How to start teaching proficiency: Interpersonal

How to start teaching proficiency: Interpersonal

In my mini series this week, I wanted to show how to incorporate some proficiency assessments in the beginning and into what you are already doing.  For me, interpersonal was a bit harder, but I want to continue to put this into a priority.  A huge confession on my part: I only gave two speaking assessments a year!  They seemed timely to do, and I would have to occupy the students while I was doing this.  I realize that this is not perfect for a Spanish class, and many years, I would plan to do more, but typically would fall back into my old routine.  In all reality, when I found the Interpersonal Bootcamp, my speaking assessments doubled in my Spanish 2 classes.  It was relatively easy to grade and give feedback.  While I was completing this with students, the rest of the class was either completing a Zaption or a presentational writing based on a similar topic.

Initially, this was not part of an IPA.  I did not create an overarching theme, but I used this within the themes that were in my textbook.  Since I was able to start these, I will plan on developing them throughly into full IPAs.  At the time, I started here though.

Our French teachers created an IPA where each student created a presentation for their final on an environmental topic affecting the Francophone world.  For the interpersonal section, they shared a bit about their topic, and other students asked questions.  If you have a similar presentation, you could have a roundtable interpersonal conversation to add before the presentation to incorporate into an already existing plan.

In order to prepare for their interpersonal assessment, I add a few of these ideas into my class ahead of time to help students prepare:

  • I created this interpersonal activity with a presentational portion to help my students prepare.
  • Many times students complete a Voicethread and respond to another student within the Voicethread.
  • I typically have students discuss what they did over the weekend every week.
  • One of my favorite activities is the fishbowl activity.  I typically have students complete this the day before the assessment.
  • Add a couple of pictures between transitions to have students discuss.
  • I have done variations of speed dating activities with pre written questions or pictures.
  • Amy’s Interpersonal Blitz is awesome and quick to complete!
  • I also love Sara-Elizabeth’s LinguaCafe!
  • In addition, we typically discuss what is going on in their lives at the beginning or end of class to continue to facilitate this practice.
  • I also love doing the circumlocution game where you write a word on the board behind the student, and the rest of the class has to describe the word in the TL without saying the word itself.  (I always thought this would be too difficult for Spanish 1, but even my Spanish 1A could do it!)
  • I created a Pinterest board for my Interpersonal Activities collection as well.

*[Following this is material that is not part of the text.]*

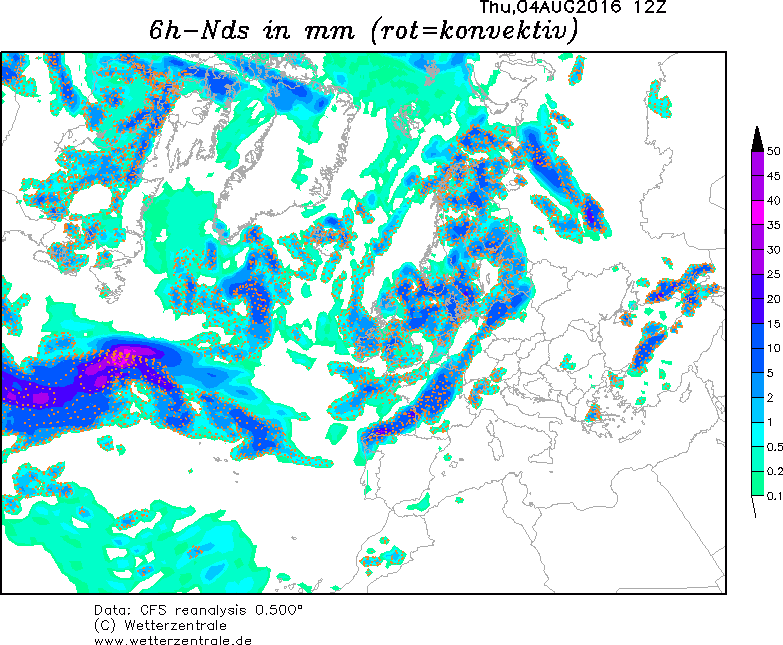 Rozsáhlý archiv meteorologických map pro celou Evropu se nachází také na stránkách Wetterzentrale.de. Přímé odkazy na jednotlivé mapy naleznete níže.

I also think it is important to have a good rubric for interpersonal activities.  I used the TALK rubric from the interpersonal bootcamp above, and it served me well initially.  When I start to get into the groove again, I want to reevaluate all of my rubrics.  However, again, I used an already existing rubric to get me started then I will evolve it after I have used it for a year.  Don’t get hung up on the details of a rubric!  Find one you like, use it for a bit THEN work on it when you can.

Hopefully, this will encourage you to start incorporating more interpersonal assessments and activities into your classroom.  Again, start small and keep trying!